Went down to the gun shop this morning. Dealer told me that the 96FS is discontinued; he called around to fellow shops and checked but couldn't find a single 96FS, found a bunch of 92's though. Got back home and did some searching online and called a bunch of gun shops, all said they had only 92's. Finally I found a fellow that ran a shop out of his home, roughly a 100 mile drive, he said he had a single 96 left from a batch of six that he acquired from the local PD when they switched to another weapon. Took the drive down there and ended up purchasing a 96FS that has night sights and some added grip for $487. Considering the rarity of this particular gun I decided to get it. Obviously checked it out on site before purchasing, everything seemed in order, cleaned it and oiled it once I got home too. Only issue is that I didn't get mag's with it because all he had were law enforcement magazines that he couldn't sell to me because they weren't mass compliant. At least I have the gun, getting the mag's ought to be easy.

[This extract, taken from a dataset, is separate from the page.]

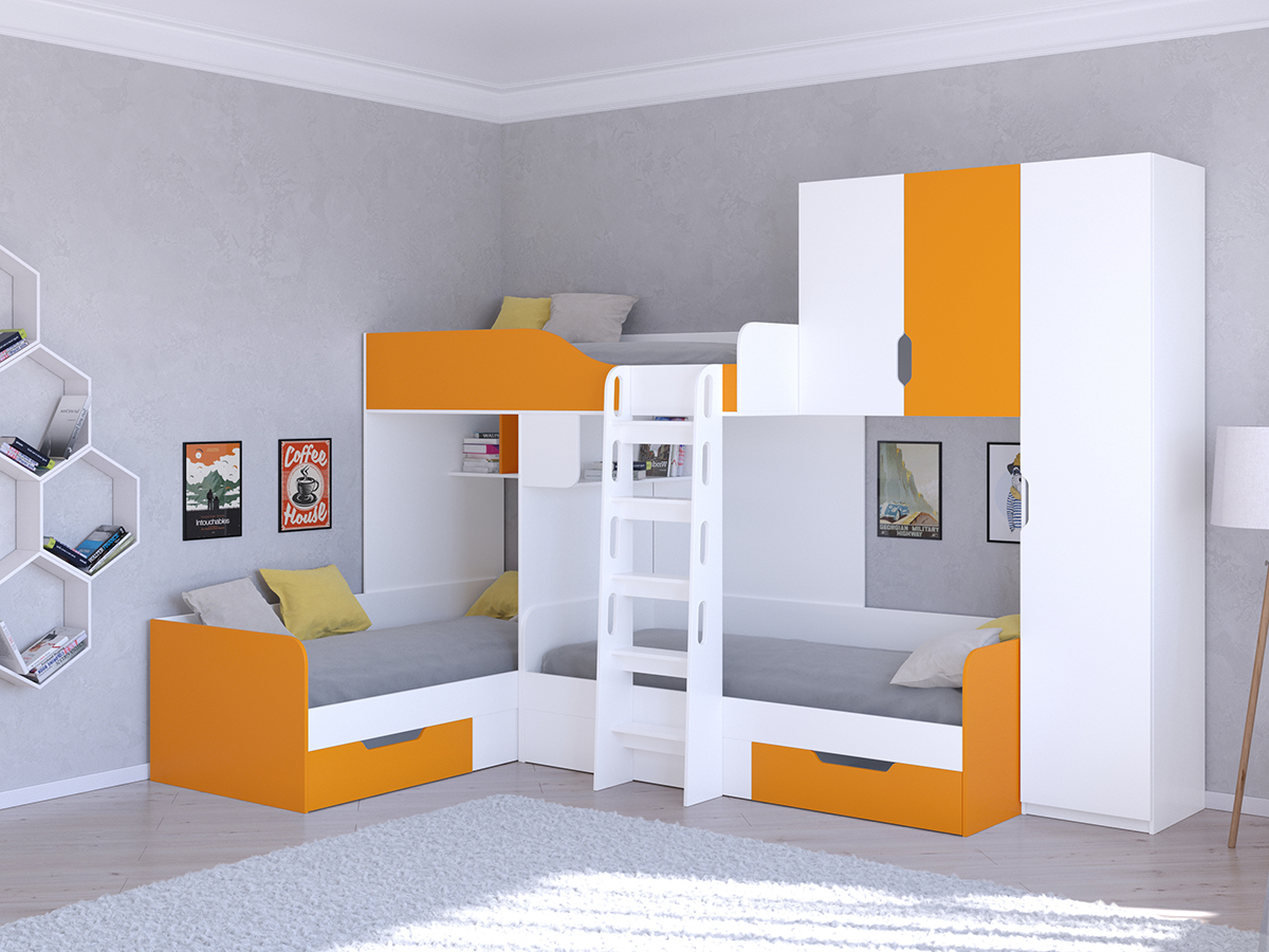 Отзывы о Столплит Кровать двухъярусная Трио/2 Белый Оранжевый

Anyhow, really excited about the gun, can't wait to try it out at the range once I pick up some 10, 11 or 13 rd mag's. Gonna have to get some new grips too, the ones on there are really worn out. Any recommendations would be nice. Here's a couple pics of the new addition to the family.


----------



## Steve2112 (Nov 19, 2008)

Congrats on the 96. I've had mine for years, and I love it. Like yours, mine was a former police weapon. It had some bluing wear on it, but internally it was great. (And it still is). As for the grips, I like Hogues. They are reasonably priced and very comfortable.


----------



## khegglie (Jun 19, 2007)

*grips*

CT grips go nice with that gun, also can get some nice wood grips or Houge rubber grips.

good luck :smt023


----------



## Shipwreck (Jan 26, 2006)

Go here for help on finding mags:

http://www.berettaforum.net/vb/


----------



## Scratchshooter40 (Jun 17, 2008)

*Enjoy the 96*

I am sure you will enjoy your purchase for years to come. I use the Hogue Panel style grips without the finger grooves on the front strap and also use the LaserMax LMS-1441 guide rod laser sight as a duty carry weapon. I have several Beretta factory 11 round mags and quite a few 10 round mags as well. I have one in the Black Bruniton finish and one in the INOX finsh. The 96 with the INOX finish has a Sprinco recoil reducer in it and comes with factory Hogue type rubber grips. The "D" mainspring, Elite II skeletonized hammer and the Elite II mag release make an excellent addition. Gould and Goodrich make an excellent belt slide type holster for a very competitive price. I use a DeSantis Speed Scabbard for IDPA competition along with a pair of twin mag pouches. The Galco shoulder rig is the most comfortable so far and works with a large frame. The offside twin mag pouch can be easily augmented with a belt carry twin mag pouch as well. When using the shoulder holster, I use the Beretta standard grips as the Hogue's seem to "stick" a little to jacket linings and impede a rapid deployment of the weapon. Use Shipwreck's link for mags unless you have a good local source for factory mags or at worst MDS mags. I had a very bad experience with 4 mags ordered directly from Beretta, when they came in they were supposed to hold 10 rounds and would not accept more than 8 in any one. VERY shoddy worksmanship. Sent them back and got a full refund and an apology, really crappy mags. You can get a .22 lr conversion kit as well and a 92 FS if you want to shoot more often and cheaper. Enjoy the weapon, excellent choice. Shoot often and well.


----------



## akr (Mar 8, 2007)

I have a 96 Inox. Now I know why I like to shoot it.


----------